As a preferred embodiment, the first half shaft 201 is provided with a first gear 210 and a planetary gear assembly, the second half shaft 202 is provided with a fifth synchronizer 212 and a second gear 211, the second gear 211 is in driving connection with the planetary gear assembly, and the fifth synchronizer 212 is selectively connected with the first gear 210 or the second gear 211.

When the fifth synchronizer 212 is connected with the first gear 210, the power received on the first half shaft 201 can be transmitted to the second half shaft 202 through the first gear 210 and the fifth synchronizer 212. When the fifth synchronizer 212 is connected with the second gear 211, power received on the first axle 201 is transmitted to the second axle 202 via the planetary gear assembly, the second gear 211, and the fifth synchronizer 212.

As a preferred embodiment, a planetary gear assembly is provided between the transmission unit and the gear assembly. The first driven gear 203 is disposed on the first half shaft 201, and the output gear 204 is disposed on the second half shaft 202. The planetary gear assembly includes a second sun gear 209, a second ring gear 206, and a second planet carrier 208, with a second planet gear 207 on the second planet carrier 208 rotatably disposed between the second sun gear 209 and the second ring gear 206. Wherein the second sun gear 209 is disposed on the first half shaft 201, and the second ring gear 206 or the second planet carrier 208 of the planetary gear assembly is connected with the second gear 211.

As shown in FIG. 3, a second ring gear 206 is secured to the transmission housing and a second gear 211 is blank over the second axle shaft 202 and connected to a second planet carrier 208. So configured, when the fifth synchronizer 212 is connected with the second gear 211, the power of the first half shaft 201 can be transmitted to the second half shaft 202 through the second sun gear 209, the second planet gear 207, the second planet carrier 208, the second gear 211 and the fifth synchronizer 212, so that the ultra-low speed gear mode is conveniently realized, and good drivability is achieved.

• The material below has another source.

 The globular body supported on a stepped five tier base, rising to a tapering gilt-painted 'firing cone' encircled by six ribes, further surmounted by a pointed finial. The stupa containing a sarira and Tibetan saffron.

It should be noted that, if the second carrier 208 of the planetary gear assembly is fixedly disposed on the housing of the transmission, the second gear 211 may be connected with the second ring gear 206. At this time, by connecting the fifth synchronizer 212 to the second gear 211, the power received on the first half shaft 201 can be transmitted to the second half shaft 202 via the second sun gear 209, the second planetary gear 207, the second ring gear 206, the second gear 211, and the fifth synchronizer 212.

Referring to fig. 3, for ease of understanding, the transmission path is also described herein by way of example in terms of a single drive mode of the engine 6.

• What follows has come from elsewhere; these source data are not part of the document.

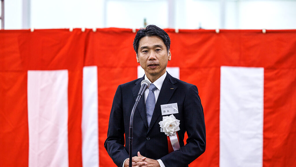 午前10時から実施された竣工式には、会⻑の佐藤定雄、社⻑の鈴⽊ 仁、取締役専務執⾏役員である武田佳司ら弊社幹部をはじめ、来賓の佐⽵敬久秋⽥県知事、髙橋⼤横⼿市⻑ら総勢約40人の関係者が参加致しました。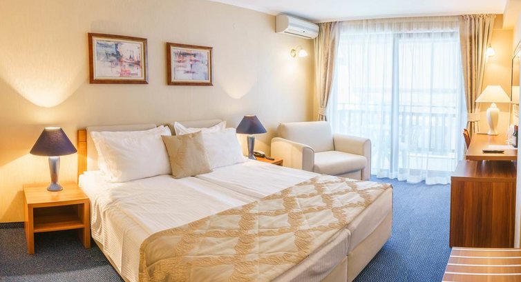 Типи номерів: Двомісний номер - Тип А Двомісний номер - Тип B Двомісний номер - Тип СУ номері: двоспальне ліжко або 2 односпальні ліжка кондиціонер телевізор DVD холодильник пряма телефонна лінія Wi-Fi та LAN /Кабель/ Інтернет санвузол з ванною фен тераса з частковим видом на море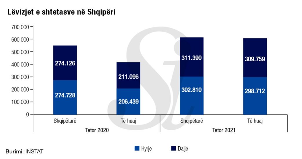 Në raport me vitin 2020 INSTAT raportoi se numri i shtetasve të huaj të hyrë në Shqipëri gjatë dhjetëmujorit të 2021, është 5.177.116, duke u rritur me 2.2 herë, në krahasim me të njëjtën periudhë të vitit 2020 .

When the engine 6 is driven alone, the first clutch portion 101 and the second clutch portion 102 are engaged, respectively, and the fifth synchronizer 212 is engaged with the second gear 211. At this time, the hybrid power device is in an ultra-low speed mode.

At this time, the power transmission route of the engine 6 is: the engine 6, the first clutch part 101, the second motor 5, the second clutch part 102, the input shaft 1, the first driving gear 103, the first driven gear 203, the first half shaft 201, the second sun gear 209, the second planet gear 207, the second planet carrier 208, the second gear 211, the fifth synchronizer 212, the second half shaft 202, the output gear 204, the first differential mechanism 3 and the front wheels.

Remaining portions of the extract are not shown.